What needs to be done >> In the data below, find the line with "都立動物園・水族園は年明け2" and output it along with every later line, exactly, but not the pictures.

Data provided >>
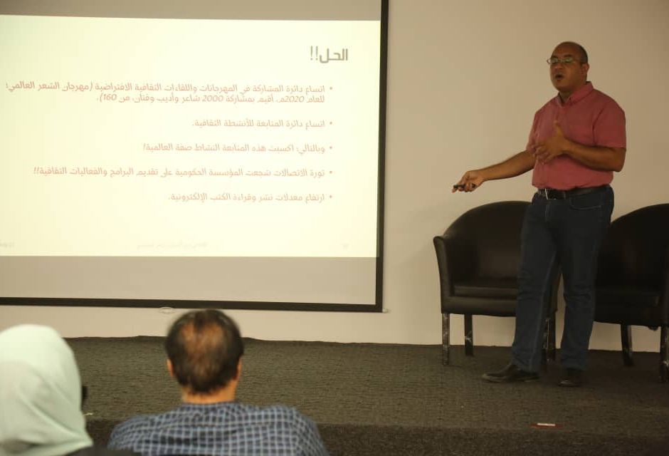 كذلك كيفية الاتصال وعدم التواصل خلال الجائحة والذي يتم عن طريق منصات التواصل الشبكي من خلال معارض الكتب والمهرجانات والأمسيات مشيرا إلى أن الحظر قد  ساهم في ارتفاع وتيرة الأنشطة المقامة وزيادة نسبة المشاهدة واتساع دائرة المشاركة في المهرجانات واللقاءات الثقافية الافتراضية
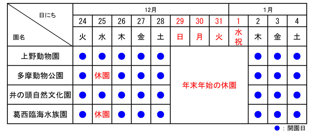都立動物園・水族園は年明け2025年1月2日(木)9時30分から開園します。年末年始の開園日は以下のとおりです(
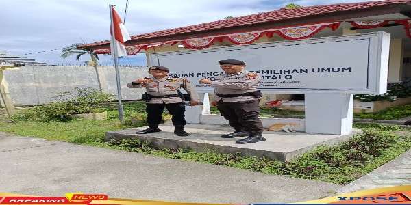 XposeTv//PolrestaGorontaloKota, untuk memastikan keamanan dan ketertiban tahapan pilkada 2024 yang sedang berlangsung, Polresta Gorontalo Kota menempatkan personelnya untuk mengamankan kantor Badan Pengawas pemilu ( BAWASLU )
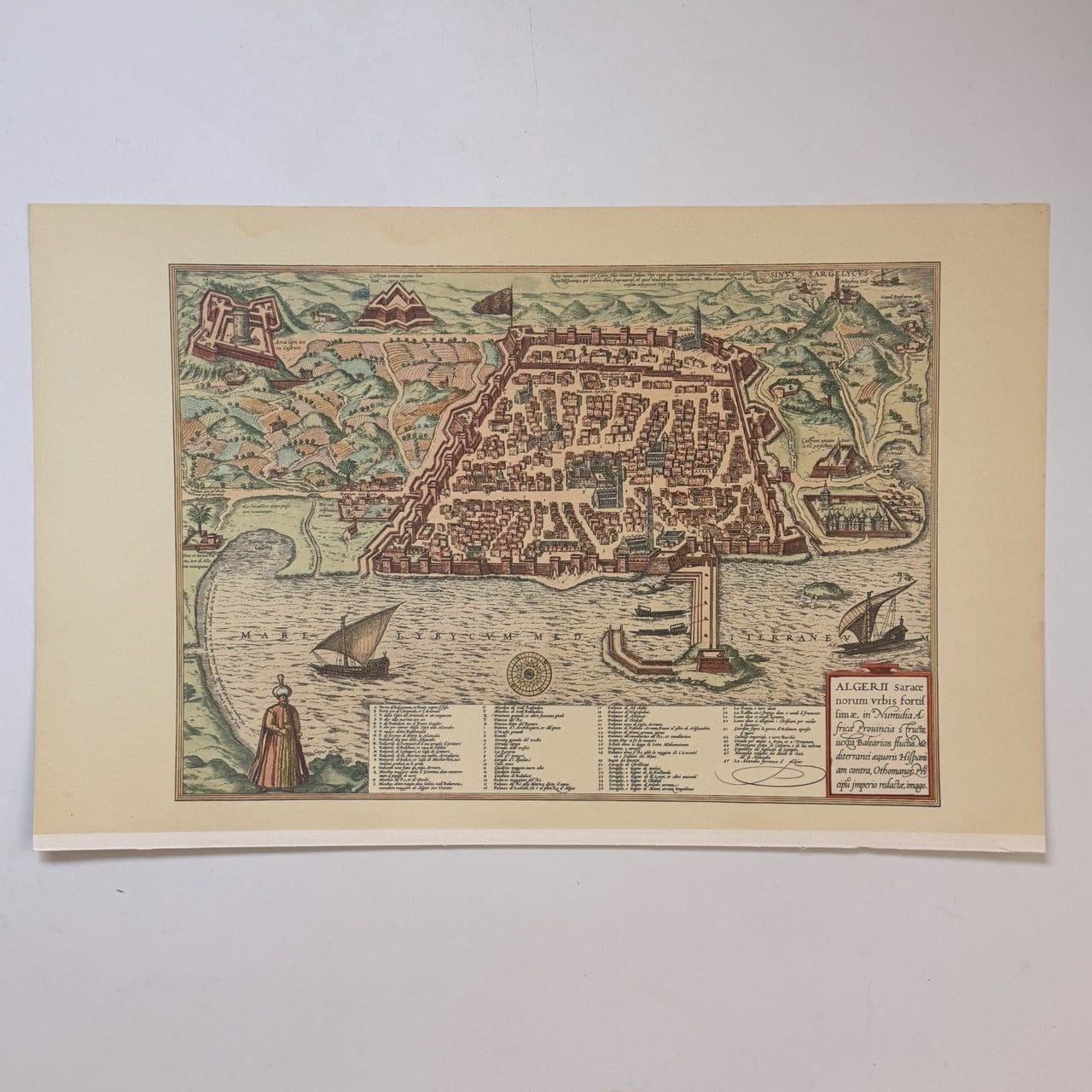 Plan of the city of Algiers from the Civitates Orbis Terrarum, a town atlas originally published between 1572 and 1617 This is a 20th century copy. Very good condition, sheet size: 52 x 33cm. Printed on good quality paper.
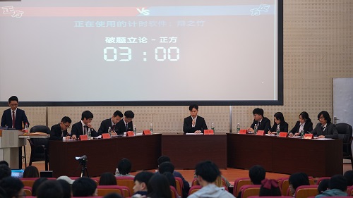 比赛进入破题立论环节,正方将正义定义为一种“朴素的社会共识”,从“迟到的正义可以起到拨乱反正的效果”和“推迟正义的到来可以降低判断失误的可能性”等几个方面进行论述。我方辩手白浩喆同学则首先确立了“迟到的正义”即“未及时发挥作用的正确的裁决”,并认为其违背了正义的核心属性,不利于人们对于正义的维持和追求。双方在定义及判断标准上的分歧使得随后质询环节的交锋变得更加激烈。辩手们才思敏捷,反应迅速,在短短几分钟的时间内抓住立论中值得争议的论点进行了精彩的反驳。

Result for this exercise >>
都立動物園・水族園は年明け2025年1月2日(木)9時30分から開園します。年末年始の開園日は以下のとおりです(
 XposeTv//PolrestaGorontaloKota, untuk memastikan keamanan dan ketertiban tahapan pilkada 2024 yang sedang berlangsung, Polresta Gorontalo Kota menempatkan personelnya untuk mengamankan kantor Badan Pengawas pemilu ( BAWASLU )
 Plan of the city of Algiers from the Civitates Orbis Terrarum, a town atlas originally published between 1572 and 1617 This is a 20th century copy. Very good condition, sheet size: 52 x 33cm. Printed on good quality paper.
 比赛进入破题立论环节,正方将正义定义为一种“朴素的社会共识”,从“迟到的正义可以起到拨乱反正的效果”和“推迟正义的到来可以降低判断失误的可能性”等几个方面进行论述。我方辩手白浩喆同学则首先确立了“迟到的正义”即“未及时发挥作用的正确的裁决”,并认为其违背了正义的核心属性,不利于人们对于正义的维持和追求。双方在定义及判断标准上的分歧使得随后质询环节的交锋变得更加激烈。辩手们才思敏捷,反应迅速,在短短几分钟的时间内抓住立论中值得争议的论点进行了精彩的反驳。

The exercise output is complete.